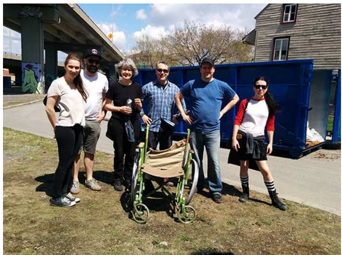
La corvée citoyenne

Six corvées ont été réalisées entre le 14 et le 28 mai par les différents organismes partenaires. Le conseil de quartier Saint-Roch et La Société de développement commercial (SDC) centre-ville ont participé au nettoyage du secteur sous les bretelles d'autoroute et des abords de l'escalier des Glacis ; la Table de quartier l'EnGrEnAgE de Saint-Roch a nettoyé les abords de l'église Saint-Roch ; Verdir et Divertir, la falaise bordant le sud de l'îlot des tanneurs (notamment l'arrachage d'une plante envahissante : la renouée du Japon) ; l'Accorderie, autour de l'église Notre-Dame-de-Jacques-Cartier ;
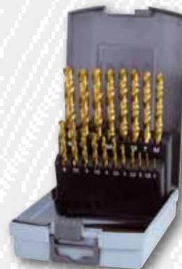
Nr. 250 214 TRO
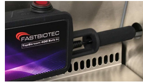
Halterung Thermo Herasafe Nr. 600450
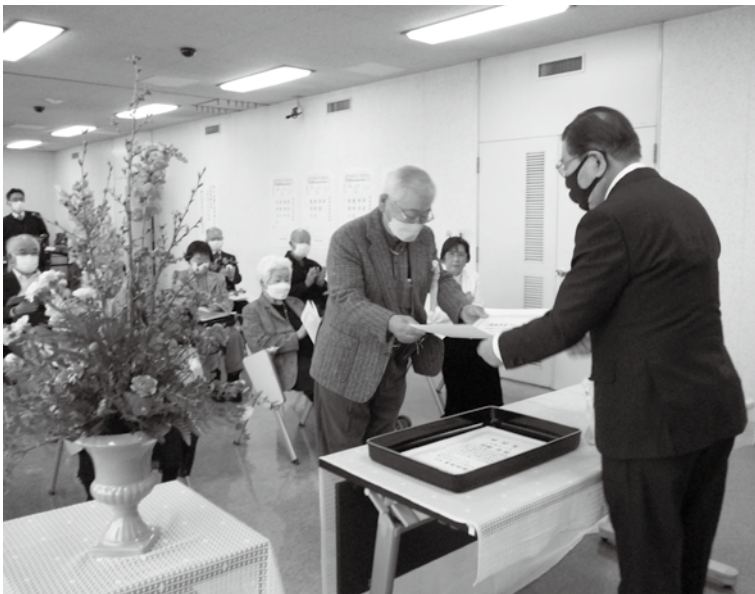
受賞おめでとうございます
------------------------------------------------
#### [Exercise description]
Repeat the whole listing above word for word, but keep any picture out of it.

#### [Solution]
La corvée citoyenne

Six corvées ont été réalisées entre le 14 et le 28 mai par les différents organismes partenaires. Le conseil de quartier Saint-Roch et La Société de développement commercial (SDC) centre-ville ont participé au nettoyage du secteur sous les bretelles d'autoroute et des abords de l'escalier des Glacis ; la Table de quartier l'EnGrEnAgE de Saint-Roch a nettoyé les abords de l'église Saint-Roch ; Verdir et Divertir, la falaise bordant le sud de l'îlot des tanneurs (notamment l'arrachage d'une plante envahissante : la renouée du Japon) ; l'Accorderie, autour de l'église Notre-Dame-de-Jacques-Cartier ;
Nr. 250 214 TRO
Halterung Thermo Herasafe Nr. 600450
受賞おめでとうございます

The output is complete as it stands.